• [Directions for this task] Look below and pull out each line with the word "these".
********
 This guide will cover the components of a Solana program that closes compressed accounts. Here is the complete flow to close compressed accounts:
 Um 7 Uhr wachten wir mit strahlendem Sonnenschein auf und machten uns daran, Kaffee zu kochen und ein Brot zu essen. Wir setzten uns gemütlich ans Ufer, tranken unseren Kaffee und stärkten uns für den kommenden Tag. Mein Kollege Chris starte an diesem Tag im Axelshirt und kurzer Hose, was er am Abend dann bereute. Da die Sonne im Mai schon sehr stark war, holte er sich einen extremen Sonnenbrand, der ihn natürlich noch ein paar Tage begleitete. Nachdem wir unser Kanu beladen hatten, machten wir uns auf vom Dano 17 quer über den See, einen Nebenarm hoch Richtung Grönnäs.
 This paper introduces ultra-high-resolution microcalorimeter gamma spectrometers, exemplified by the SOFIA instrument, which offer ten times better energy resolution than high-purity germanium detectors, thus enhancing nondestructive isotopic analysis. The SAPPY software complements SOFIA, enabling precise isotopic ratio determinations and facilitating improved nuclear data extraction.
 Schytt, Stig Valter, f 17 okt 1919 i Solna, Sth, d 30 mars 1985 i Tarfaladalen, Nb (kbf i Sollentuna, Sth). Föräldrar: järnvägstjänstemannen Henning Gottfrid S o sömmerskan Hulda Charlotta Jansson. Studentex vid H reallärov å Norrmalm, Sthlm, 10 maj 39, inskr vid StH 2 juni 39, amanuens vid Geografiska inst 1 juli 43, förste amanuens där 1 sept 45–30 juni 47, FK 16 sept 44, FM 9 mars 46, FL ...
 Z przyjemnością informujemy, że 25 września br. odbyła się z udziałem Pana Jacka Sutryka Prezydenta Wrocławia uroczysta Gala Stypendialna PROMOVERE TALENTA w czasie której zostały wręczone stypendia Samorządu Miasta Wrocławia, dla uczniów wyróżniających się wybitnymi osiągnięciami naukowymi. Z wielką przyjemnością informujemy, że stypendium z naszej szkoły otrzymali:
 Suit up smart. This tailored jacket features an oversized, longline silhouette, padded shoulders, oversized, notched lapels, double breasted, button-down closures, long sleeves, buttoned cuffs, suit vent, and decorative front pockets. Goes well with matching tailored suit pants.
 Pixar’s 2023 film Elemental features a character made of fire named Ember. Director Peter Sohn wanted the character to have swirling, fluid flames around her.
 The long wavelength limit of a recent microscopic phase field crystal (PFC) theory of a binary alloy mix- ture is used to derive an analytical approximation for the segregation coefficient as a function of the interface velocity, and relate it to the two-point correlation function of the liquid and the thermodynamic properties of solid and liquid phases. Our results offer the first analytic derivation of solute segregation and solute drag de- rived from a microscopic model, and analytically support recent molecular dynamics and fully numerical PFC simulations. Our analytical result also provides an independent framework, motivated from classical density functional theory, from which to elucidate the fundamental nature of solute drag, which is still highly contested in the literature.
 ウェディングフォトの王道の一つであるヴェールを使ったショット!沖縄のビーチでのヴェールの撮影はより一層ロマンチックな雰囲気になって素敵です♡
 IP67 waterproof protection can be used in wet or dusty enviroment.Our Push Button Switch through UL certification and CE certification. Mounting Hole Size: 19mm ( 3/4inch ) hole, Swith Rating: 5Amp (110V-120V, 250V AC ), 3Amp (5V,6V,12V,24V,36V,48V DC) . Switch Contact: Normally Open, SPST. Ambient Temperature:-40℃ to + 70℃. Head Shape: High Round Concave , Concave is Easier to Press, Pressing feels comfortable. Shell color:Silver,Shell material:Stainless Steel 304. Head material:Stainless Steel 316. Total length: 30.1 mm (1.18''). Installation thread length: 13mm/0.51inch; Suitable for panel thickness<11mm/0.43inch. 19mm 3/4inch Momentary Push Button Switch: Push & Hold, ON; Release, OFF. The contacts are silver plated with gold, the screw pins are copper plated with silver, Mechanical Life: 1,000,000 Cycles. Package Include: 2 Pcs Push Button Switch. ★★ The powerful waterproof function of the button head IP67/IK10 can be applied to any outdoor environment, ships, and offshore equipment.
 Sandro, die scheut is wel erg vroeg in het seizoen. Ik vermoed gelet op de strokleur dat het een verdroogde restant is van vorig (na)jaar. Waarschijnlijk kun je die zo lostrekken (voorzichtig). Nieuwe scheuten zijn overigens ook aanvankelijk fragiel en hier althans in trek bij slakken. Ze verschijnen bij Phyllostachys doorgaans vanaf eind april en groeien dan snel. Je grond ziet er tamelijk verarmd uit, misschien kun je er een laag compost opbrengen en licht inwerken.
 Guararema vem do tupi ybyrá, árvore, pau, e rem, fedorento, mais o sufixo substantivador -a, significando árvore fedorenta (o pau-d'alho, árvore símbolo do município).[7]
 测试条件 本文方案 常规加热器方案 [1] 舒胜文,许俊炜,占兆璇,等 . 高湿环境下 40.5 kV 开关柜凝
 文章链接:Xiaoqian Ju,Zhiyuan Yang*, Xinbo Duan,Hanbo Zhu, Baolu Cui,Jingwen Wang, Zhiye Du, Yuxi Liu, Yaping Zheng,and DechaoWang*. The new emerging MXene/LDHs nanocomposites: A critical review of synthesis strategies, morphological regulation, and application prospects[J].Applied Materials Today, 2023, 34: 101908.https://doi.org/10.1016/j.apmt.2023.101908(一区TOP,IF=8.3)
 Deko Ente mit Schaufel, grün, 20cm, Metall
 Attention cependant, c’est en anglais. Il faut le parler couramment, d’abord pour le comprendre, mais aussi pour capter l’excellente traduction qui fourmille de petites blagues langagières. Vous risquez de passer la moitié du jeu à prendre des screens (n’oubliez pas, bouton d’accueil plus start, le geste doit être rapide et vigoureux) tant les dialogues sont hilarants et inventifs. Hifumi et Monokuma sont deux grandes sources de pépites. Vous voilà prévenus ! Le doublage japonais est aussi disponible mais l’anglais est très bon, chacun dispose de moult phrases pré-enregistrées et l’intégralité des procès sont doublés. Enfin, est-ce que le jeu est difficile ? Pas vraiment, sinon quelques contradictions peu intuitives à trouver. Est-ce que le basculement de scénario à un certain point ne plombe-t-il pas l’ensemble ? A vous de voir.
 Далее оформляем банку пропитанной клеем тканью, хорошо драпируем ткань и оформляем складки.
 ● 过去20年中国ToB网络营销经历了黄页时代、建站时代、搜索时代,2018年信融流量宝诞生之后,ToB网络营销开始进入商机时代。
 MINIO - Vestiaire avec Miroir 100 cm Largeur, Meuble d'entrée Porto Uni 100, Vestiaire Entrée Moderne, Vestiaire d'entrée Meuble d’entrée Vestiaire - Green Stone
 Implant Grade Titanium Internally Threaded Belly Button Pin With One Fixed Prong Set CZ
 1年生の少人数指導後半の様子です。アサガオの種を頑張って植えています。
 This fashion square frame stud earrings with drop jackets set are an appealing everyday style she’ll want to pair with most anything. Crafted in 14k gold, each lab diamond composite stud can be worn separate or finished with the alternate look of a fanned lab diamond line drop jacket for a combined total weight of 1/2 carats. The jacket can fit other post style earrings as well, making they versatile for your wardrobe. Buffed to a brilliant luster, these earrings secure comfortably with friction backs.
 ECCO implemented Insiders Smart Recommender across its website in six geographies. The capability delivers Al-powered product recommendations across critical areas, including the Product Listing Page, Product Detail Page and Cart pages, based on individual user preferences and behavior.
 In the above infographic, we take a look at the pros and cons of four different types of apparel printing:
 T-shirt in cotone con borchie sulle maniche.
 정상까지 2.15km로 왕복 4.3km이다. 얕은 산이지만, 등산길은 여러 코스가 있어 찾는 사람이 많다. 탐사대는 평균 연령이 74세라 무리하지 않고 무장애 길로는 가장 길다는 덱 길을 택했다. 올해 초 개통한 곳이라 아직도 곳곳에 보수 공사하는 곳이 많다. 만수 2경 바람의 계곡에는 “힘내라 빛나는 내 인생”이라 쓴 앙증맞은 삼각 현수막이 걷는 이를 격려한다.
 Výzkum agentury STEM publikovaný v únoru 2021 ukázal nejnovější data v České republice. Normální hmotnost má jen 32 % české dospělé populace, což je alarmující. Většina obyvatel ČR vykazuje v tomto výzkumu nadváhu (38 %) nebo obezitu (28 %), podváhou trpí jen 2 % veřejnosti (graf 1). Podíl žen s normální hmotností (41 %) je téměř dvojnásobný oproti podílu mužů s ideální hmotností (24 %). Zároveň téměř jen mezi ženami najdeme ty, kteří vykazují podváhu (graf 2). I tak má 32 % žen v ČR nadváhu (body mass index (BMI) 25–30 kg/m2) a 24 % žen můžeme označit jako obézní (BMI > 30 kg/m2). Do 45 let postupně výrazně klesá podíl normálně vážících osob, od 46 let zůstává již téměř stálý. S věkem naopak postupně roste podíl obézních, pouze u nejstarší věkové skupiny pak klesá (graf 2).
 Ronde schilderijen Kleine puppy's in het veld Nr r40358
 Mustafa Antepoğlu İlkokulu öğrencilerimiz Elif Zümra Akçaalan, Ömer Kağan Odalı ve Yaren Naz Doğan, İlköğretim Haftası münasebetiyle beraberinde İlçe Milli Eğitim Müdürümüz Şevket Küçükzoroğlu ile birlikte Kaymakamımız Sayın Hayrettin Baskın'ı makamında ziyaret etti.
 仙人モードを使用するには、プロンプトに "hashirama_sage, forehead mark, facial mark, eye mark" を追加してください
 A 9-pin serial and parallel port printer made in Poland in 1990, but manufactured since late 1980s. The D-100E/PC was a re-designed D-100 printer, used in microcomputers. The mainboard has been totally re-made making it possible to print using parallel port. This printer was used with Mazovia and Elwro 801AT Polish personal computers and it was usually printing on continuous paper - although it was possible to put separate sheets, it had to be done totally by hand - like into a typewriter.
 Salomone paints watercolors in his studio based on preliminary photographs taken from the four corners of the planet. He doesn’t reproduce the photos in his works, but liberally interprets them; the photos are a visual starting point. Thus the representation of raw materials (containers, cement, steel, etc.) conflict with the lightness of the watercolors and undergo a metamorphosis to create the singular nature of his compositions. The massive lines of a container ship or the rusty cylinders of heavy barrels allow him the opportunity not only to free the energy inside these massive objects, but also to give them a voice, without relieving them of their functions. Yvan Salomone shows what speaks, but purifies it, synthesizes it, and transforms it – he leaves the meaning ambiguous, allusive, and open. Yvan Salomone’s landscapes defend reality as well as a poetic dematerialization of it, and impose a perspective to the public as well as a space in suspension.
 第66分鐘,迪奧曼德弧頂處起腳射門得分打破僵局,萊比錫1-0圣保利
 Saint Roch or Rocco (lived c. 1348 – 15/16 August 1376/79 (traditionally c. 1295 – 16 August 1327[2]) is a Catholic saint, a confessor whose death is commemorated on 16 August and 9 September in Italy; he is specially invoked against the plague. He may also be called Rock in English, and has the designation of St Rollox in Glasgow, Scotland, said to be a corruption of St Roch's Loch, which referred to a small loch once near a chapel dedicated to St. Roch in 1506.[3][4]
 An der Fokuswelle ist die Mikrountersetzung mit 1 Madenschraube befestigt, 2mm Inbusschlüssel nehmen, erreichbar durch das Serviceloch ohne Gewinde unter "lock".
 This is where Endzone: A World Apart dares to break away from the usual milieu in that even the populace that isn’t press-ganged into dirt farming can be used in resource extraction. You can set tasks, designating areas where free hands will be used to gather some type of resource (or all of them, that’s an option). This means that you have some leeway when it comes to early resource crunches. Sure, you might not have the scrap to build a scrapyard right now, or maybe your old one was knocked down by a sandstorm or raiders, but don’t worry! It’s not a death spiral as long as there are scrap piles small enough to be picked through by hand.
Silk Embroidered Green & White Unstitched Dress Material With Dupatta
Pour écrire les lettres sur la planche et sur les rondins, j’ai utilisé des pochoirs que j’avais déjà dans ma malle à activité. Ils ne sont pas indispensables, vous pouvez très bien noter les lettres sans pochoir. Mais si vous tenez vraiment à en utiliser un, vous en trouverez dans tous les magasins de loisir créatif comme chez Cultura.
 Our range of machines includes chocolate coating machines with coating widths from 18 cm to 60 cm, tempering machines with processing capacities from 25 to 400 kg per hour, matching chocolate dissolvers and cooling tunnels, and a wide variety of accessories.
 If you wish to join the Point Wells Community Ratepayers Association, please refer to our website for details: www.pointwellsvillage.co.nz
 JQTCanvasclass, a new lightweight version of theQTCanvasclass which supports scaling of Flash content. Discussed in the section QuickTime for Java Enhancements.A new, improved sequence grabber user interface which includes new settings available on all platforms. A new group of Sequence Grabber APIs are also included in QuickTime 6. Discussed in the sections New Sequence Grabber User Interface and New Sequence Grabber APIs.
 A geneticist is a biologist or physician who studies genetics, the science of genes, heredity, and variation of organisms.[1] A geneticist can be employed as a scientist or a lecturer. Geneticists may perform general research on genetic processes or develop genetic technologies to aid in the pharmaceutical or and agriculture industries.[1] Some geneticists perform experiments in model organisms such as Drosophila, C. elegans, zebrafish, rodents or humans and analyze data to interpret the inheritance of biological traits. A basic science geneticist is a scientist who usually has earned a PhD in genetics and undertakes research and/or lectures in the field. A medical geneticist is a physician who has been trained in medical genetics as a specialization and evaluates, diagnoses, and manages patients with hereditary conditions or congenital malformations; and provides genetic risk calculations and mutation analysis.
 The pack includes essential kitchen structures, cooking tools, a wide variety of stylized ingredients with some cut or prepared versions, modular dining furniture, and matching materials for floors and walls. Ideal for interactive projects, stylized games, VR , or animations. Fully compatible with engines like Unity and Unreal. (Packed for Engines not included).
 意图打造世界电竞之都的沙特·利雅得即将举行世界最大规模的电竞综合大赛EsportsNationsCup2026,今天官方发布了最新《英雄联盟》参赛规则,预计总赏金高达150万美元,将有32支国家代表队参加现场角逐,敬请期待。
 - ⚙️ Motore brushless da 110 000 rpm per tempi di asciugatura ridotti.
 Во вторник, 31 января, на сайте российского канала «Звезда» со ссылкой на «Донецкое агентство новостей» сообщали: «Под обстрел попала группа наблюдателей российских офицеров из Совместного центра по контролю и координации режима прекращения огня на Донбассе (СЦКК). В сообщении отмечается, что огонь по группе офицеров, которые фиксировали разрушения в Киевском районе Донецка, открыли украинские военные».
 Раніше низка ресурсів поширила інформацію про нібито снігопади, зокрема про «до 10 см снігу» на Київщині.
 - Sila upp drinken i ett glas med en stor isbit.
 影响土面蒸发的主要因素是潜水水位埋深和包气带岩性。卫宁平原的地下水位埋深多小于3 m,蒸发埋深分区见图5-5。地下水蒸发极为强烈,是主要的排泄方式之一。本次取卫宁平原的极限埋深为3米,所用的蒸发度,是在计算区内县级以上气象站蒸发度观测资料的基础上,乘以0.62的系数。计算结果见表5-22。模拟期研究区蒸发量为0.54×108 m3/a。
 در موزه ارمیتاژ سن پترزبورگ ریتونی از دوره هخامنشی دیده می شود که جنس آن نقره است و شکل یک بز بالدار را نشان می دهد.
********
• [Response to the exercise]
 This fashion square frame stud earrings with drop jackets set are an appealing everyday style she’ll want to pair with most anything. Crafted in 14k gold, each lab diamond composite stud can be worn separate or finished with the alternate look of a fanned lab diamond line drop jacket for a combined total weight of 1/2 carats. The jacket can fit other post style earrings as well, making they versatile for your wardrobe. Buffed to a brilliant luster, these earrings secure comfortably with friction backs.
 Salomone paints watercolors in his studio based on preliminary photographs taken from the four corners of the planet. He doesn’t reproduce the photos in his works, but liberally interprets them; the photos are a visual starting point. Thus the representation of raw materials (containers, cement, steel, etc.) conflict with the lightness of the watercolors and undergo a metamorphosis to create the singular nature of his compositions. The massive lines of a container ship or the rusty cylinders of heavy barrels allow him the opportunity not only to free the energy inside these massive objects, but also to give them a voice, without relieving them of their functions. Yvan Salomone shows what speaks, but purifies it, synthesizes it, and transforms it – he leaves the meaning ambiguous, allusive, and open. Yvan Salomone’s landscapes defend reality as well as a poetic dematerialization of it, and impose a perspective to the public as well as a space in suspension.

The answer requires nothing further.